Read All About It! An Update on the National Digital Newspaper Program

Deb Thomas

Here at the Library of Congress, there are many projects underway to digitize and make available vast amounts of historic, archival material.  One such project is the National Digital Newspaper Program, providing access to millions of pages from historic newspapers (a previous blog post provides an introduction).  Deb Thomas, NDNP program coordinator here at the Library, answers some questions about this amazing project – what’s been accomplished over the past year, as well as goals for the future.

Susan:  Could you give us a quick summary of this project?

Deb:  The National Digital Newspaper Program supports digitization and enhanced access to millions of historic newspaper pages selected and produced by state libraries, universities and historical societies across the United States. Jointly supported by the National Endowment for the Humanities and the Library of Congress, the program is a collaboration of national proportions, currently providing access to 5.2 million pages from more than 800 newspaper titles, published in 25 states between 1836 and 1922 (and growing – we add additional newspapers regularly.) The collection is made freely available through the Chronicling America website hosted by the Library of Congress. These newspapers provide the first glimpse into historic events, as well as the diverse voices and differing perspectives on the life, times, and activities of nineteenth and early-twentieth century America.
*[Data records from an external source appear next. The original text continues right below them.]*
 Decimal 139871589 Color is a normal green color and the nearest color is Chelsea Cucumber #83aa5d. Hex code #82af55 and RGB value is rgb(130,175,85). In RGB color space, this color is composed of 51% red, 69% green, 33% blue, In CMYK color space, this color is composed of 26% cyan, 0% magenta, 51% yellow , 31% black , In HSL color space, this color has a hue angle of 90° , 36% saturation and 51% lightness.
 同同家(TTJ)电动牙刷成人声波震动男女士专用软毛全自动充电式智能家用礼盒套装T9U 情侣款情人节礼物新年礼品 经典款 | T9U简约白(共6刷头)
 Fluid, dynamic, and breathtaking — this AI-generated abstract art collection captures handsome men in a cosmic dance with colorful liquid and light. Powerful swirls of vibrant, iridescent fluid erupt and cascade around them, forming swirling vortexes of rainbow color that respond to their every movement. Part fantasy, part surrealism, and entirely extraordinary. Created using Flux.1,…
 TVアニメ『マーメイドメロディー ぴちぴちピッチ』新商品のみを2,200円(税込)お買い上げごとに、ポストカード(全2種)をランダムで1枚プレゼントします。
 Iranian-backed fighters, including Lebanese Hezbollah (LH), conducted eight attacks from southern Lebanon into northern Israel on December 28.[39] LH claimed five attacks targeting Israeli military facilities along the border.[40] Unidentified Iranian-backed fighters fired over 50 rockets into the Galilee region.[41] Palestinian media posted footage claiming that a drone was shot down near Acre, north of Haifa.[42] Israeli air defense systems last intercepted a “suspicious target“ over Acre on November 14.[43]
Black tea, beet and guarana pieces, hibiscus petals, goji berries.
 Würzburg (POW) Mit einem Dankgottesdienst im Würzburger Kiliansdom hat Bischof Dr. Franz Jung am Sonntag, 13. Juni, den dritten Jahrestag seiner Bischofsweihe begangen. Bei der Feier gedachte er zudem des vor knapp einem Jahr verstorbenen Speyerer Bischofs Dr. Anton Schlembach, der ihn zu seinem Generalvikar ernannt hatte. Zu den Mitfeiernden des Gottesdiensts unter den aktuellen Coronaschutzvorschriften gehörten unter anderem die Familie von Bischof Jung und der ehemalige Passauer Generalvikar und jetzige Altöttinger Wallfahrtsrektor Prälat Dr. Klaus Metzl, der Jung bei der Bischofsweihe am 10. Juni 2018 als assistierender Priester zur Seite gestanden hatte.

Susan:  Tell us about some highlights from your recent partners meeting

Deb:  Each year, awardees in the program gather in Washington, DC, to share their experiences and activities throughout the program. In late September, fifty-eight representatives of 27 active projects and 2 “alumni” projects joined in 2 days of meetings, including presentations from LC and the NEH on progress in the program, new developments and outreach activities. Throughout the meeting, state participants presented on their own activities, sharing their experiences with the challenges of mass digitization and their own plans for promoting the program, collections and Chronicling America.

Highlights of the agenda this year included discussions on the addition of non-English ethnic newspapers to the Chronicling America site by awardees in New Mexico, Arizona and Louisiana and presentations by several outside scholars on their use of the site’s open access protocols to develop new research approaches through datamining. In addition, a half-day of workshops helped awardees brainstorm ideas for connecting with general users and the educational community,  as well as get technical guidance in working with the LC Newspaper Viewer, the core software applications that support the Chronicling America site, published by LC as open-source software.

Susan:  Describe some of the ways you can search this collection.

Deb:  We have full-text search for newspapers from all across the country covering almost a hundred years – you can find first-hand reporting on the battles of the Civil War, diverse voices during the years of Reconstruction, life events throughout families going back generations, and the scandals and crimes that riveted the reading public during these decades. You can explore land disputes, crop reports, society news in both cities and small communities, American perspectives on events across the world, fact and fiction in technological advances, poetry, serialized literature by such classic writers as Charles Dickens and Arthur Conan Doyle and much, much more. All digitized papers in the collection can be searched by date, location and full-text options in both a simple keyword search and a more advanced approach which allows users to zero in on specific times and places with combinations of words and phrases.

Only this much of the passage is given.